Magazine article Sunset

Great Wine, Naturally: From Cosmic Forces to Chickens, Winegrowers Embrace Nature to Make Wines Full of Character

Magazine article Sunset

Great Wine, Naturally: From Cosmic Forces to Chickens, Winegrowers Embrace Nature to Make Wines Full of Character

Article excerpt

WHEN THE MOON is full at Ceago Del Lago on the north shore of California's Clear Lake, things begin to happen around the vineyard. Not ghostly things; rather, vines are pruned and wines are blended. When the moon's dark, there's different activity. The wines are racked--siphoned off the sediment in the bottom of the barrels.

The lunar activity isn't lunacy. It's part of the biodynamic farming system that Jim Fetzer, owner of Ceago, and a growing number of other winemakers are committing to, including Robert Sinskey and Quintessa in Napa, and Benziger, Quivira, and DeLoach in Sonoma County. They practice biodynamic methods because it's the right thing to do for the land, and also because they believe it infuses their wines with the most vivid terroir, the Holy Grail of winemakers, the essence of the place where the grapes were grown.

A full moon is a great levitating force: The power that lifts tides in the oceans of the world also pulls moisture up in grapevines and flavors out in wine lots, so it's the best time to cut back vigorous vines and make informed blending decisions.

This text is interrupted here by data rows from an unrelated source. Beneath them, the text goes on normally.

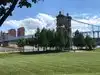 $4 parking next to the park, really nice landscaping and innovative, interactive playground for kids - Water features, rock climbing, balance poles, giant chess and checkers court, wall climbing, rope bridge and a foot activated keyboard for a carillon! Great view of the 1867 suspension bridge above. Right across the street from good restaurants and the Underground Railroad museum. Very pleasant!
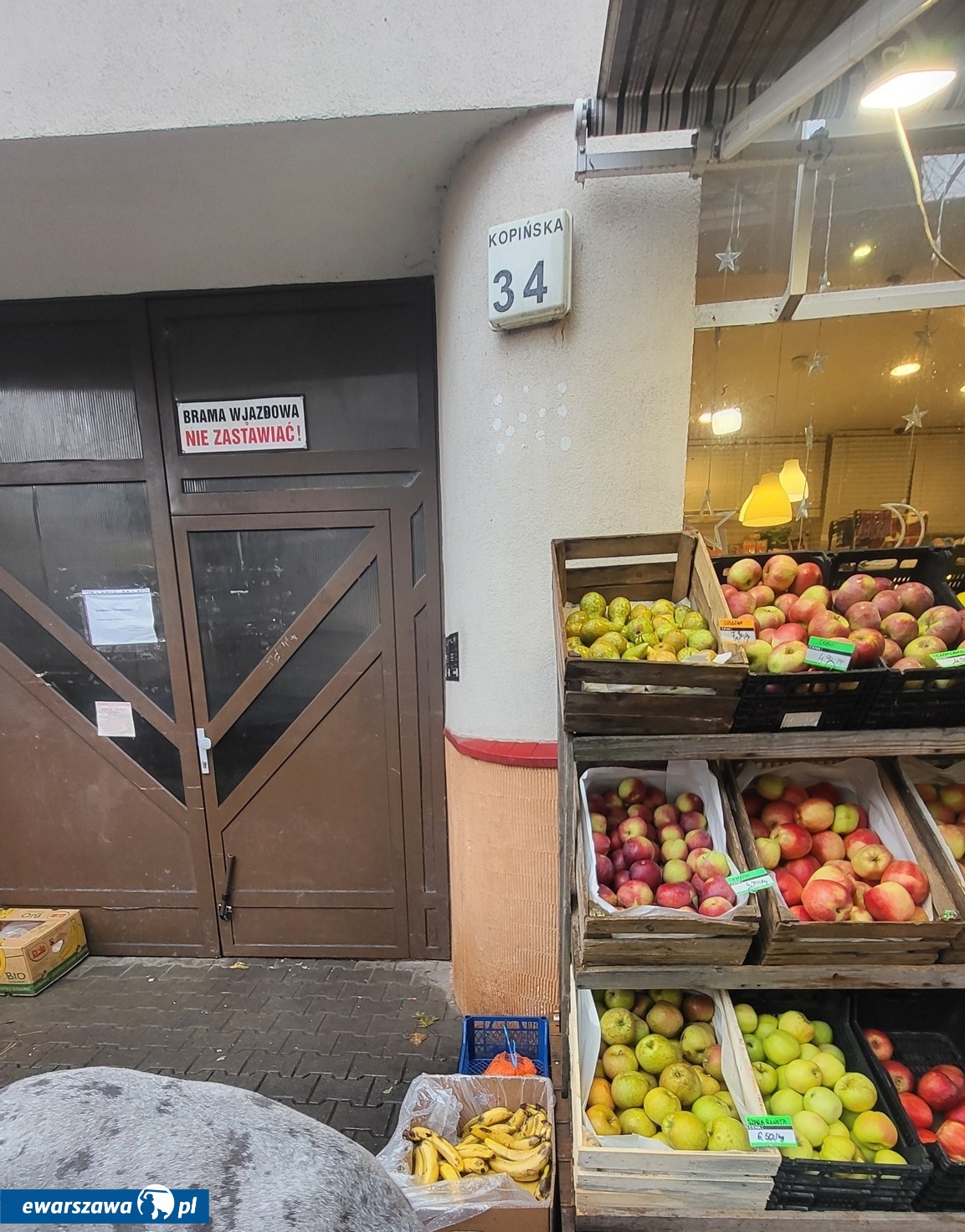 Przechodzień zauważył skrzynkę z bananami i warzywami. Dowiedział się od obsługi sklepu, że wystawione w skrzynkach owoce można sobie wziąć. Postanowił podzielić się informacją z sąsiadami z Ochoty.
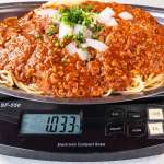 幅32cm、奥行18cmの大きめの器に盛られたミートソーススパゲティは、スケールに乗せると重さは1033g(器の重さは除く)。おお〜。まさに特盛!
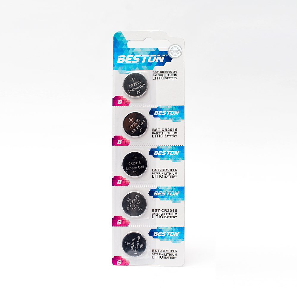 Batería de litio CR2016 Beston 3V, 90 mA. Compacta, ligera y confiable, ideal para relojes, calculadoras y dispositivos electrónicos pequeños.
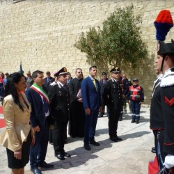 La massima Autorità militare, Gen. C.A. Luigi Robusto, Comandante Interregionale Carabinieri “Culqualber”, accompagnato dal Comandante della Legione Carabinieri Sicilia, Generale di Brigata Riccardo Galletta, ha passato in rassegna lo schieramento che composto da: Fanfara del 12° Reggimento Carabinieri Sicilia, diretta dal maestro Mar. Magg. Paolo SENA, un Reparto d’Onore, una rappresentanza di militari dell’Arma di Ragusa, una rappresentanza dell’Associazione Nazionale Carabinieri e delle altre FF.di PP., il Gonfalone del Comune di Ragusa.
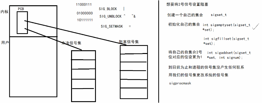 阻塞信号集(信号屏蔽字):将某些信号加入集合 对他们设置屏蔽,当屏蔽 x 信号后,再收到该信号,该信号的处理将推后(解除屏蔽后):修改阻塞信号集,造成某些信号的阻塞(暂时不处理某些信号)
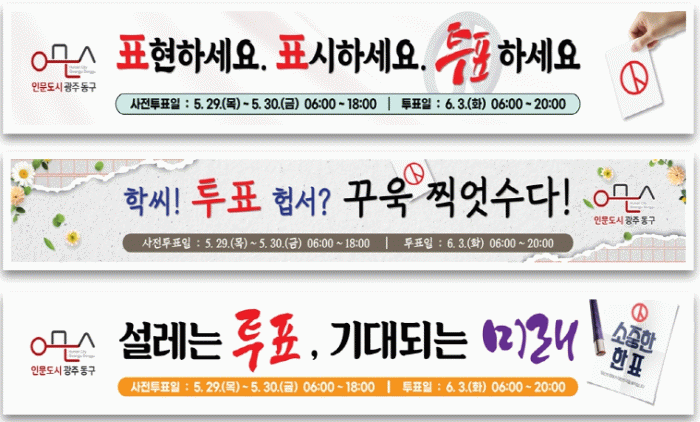 동구는 시민들의 적극적인 선거 참여를 위해 이달 12일부터 6월 3일까지를 선거 홍보 기간으로 지정하고, 지역 자생단체와 유관기관, 동구 SNS 서포터즈, 마을활동가 등과 함께 투표 참여 홍보활동을 온·오프라인에서 펼칠 계획이다.
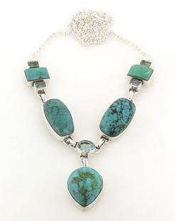 Sterling Silver Necklace Studded with Semi Precious Cabochon Gemstones.
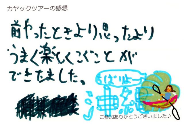 初めてのカヤックが、すごく楽しかったです。ありがとうございました。
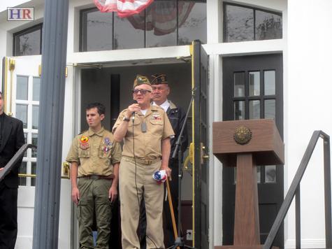 The parade itself culminated in a service that took place upon the steps of Town Hall. A large group of residents gathered solemnly to listen to a collection of speeches and pay their respects as the American flag was raised from half-mast to full and wreaths were placed on top of the veterans memorials.
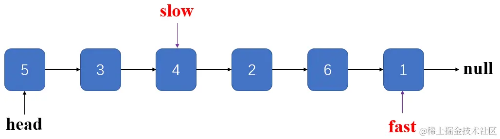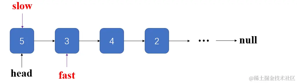 当结点的个数超过 3 个时,快慢指针初始设置为:slow = head.next; fast = head.next.next;
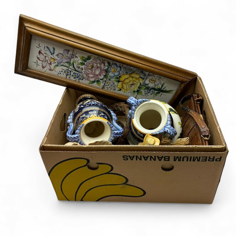 Lot diversen, waaronder polychrome tegels, damestasjes, twee vazen, gemerkt Gien France, en een platelen hangbloempot+
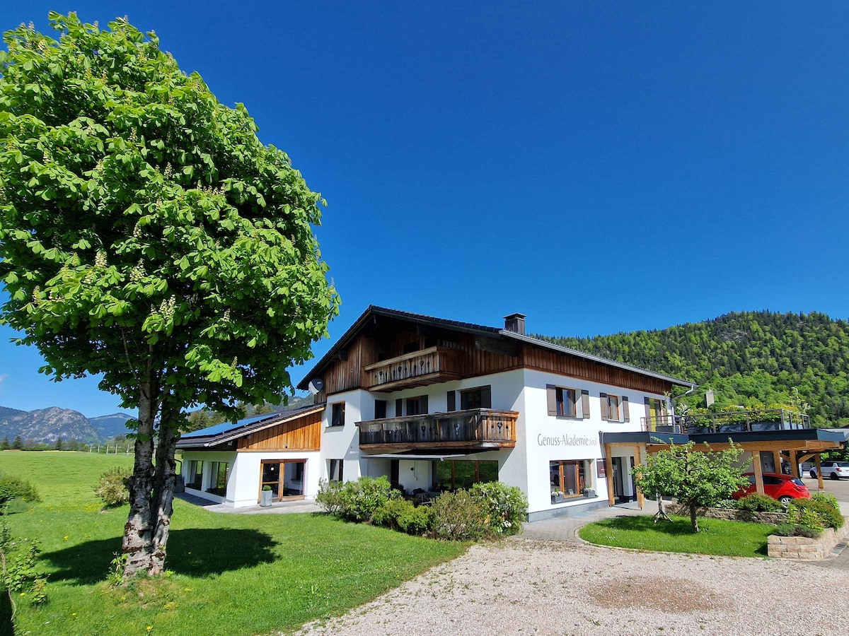 Şık mobilyalı daire, oturma alanı ve fantastik dağ panoraması ile devasa teras, 3 yatak odasında 6 kişiyi mükemmel bir hava, 3 SmartTV 46 inç, tam donanımlı mutfakta ağırlayabilir! Sessiz ama merkezi konumlu, fantastik yürüyüş ve bisiklet turlarının yanı sıra yakın çevrede Neuschwanstein'e 15 km mesafede birçok güzel göl!
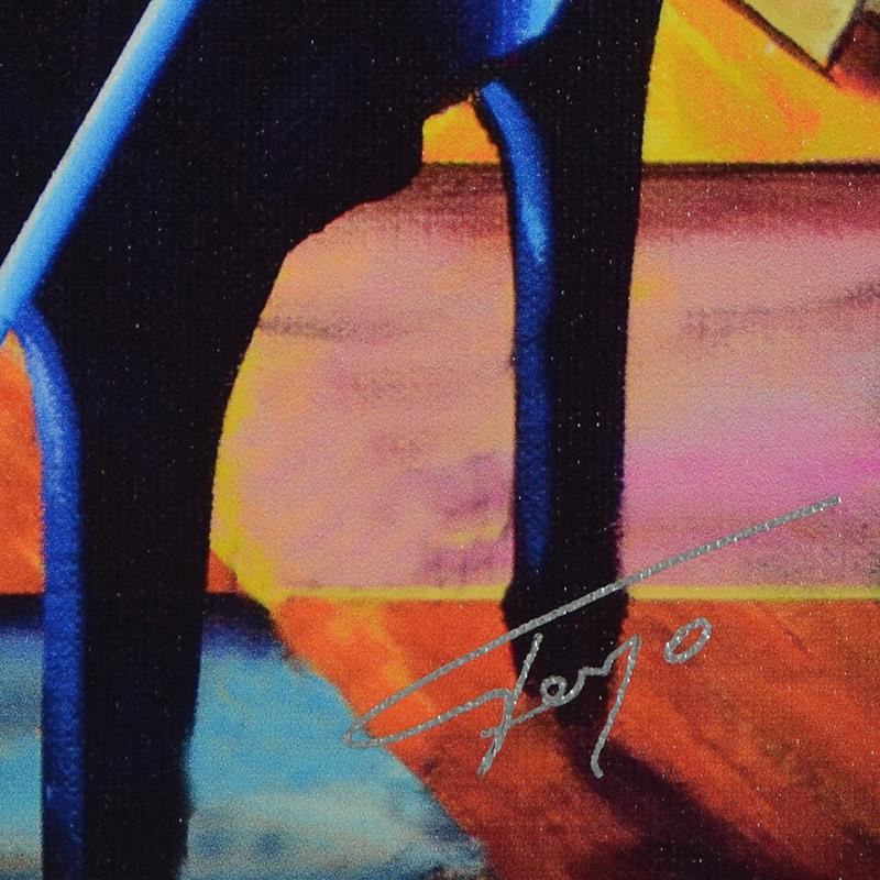 "Santorini at Dusk" is a limited edition giclee on canvas numbered and bearing Ferjos authorized signature. This piece comes gallery wrapped. Includes Letter of Authenticity. Measures approx. 24" x 16" (image). This item requires special handling and may have a longer than usual turnaround.

And when the moon goes dark and Earth's gravity holds complete sway, the sediment in barrels stays put during racking.

As Jim Fetzer, owner of Ceago, puts it, "Would you try to paddle upstream when the tide is going out?"

Biodynamic methods go far beyond what you can't do in organicland (that is, use no synthetic fertilizers or chemical pesticides) to what you can do to make a vineyard a fully alive, completely self-sustaining ecosystem.

[ILLUSTRATION OMITTED]

Like making sure that many things are growing there, because biodiversity is key to soil health and pest management. At Ceago, the vines share the property with lavender, olive trees, and other edibles. Crop rotation is also important. But since it's a tad impractical to switch out grapevines, cover crops--fava beans, strawberry clover--are rotated.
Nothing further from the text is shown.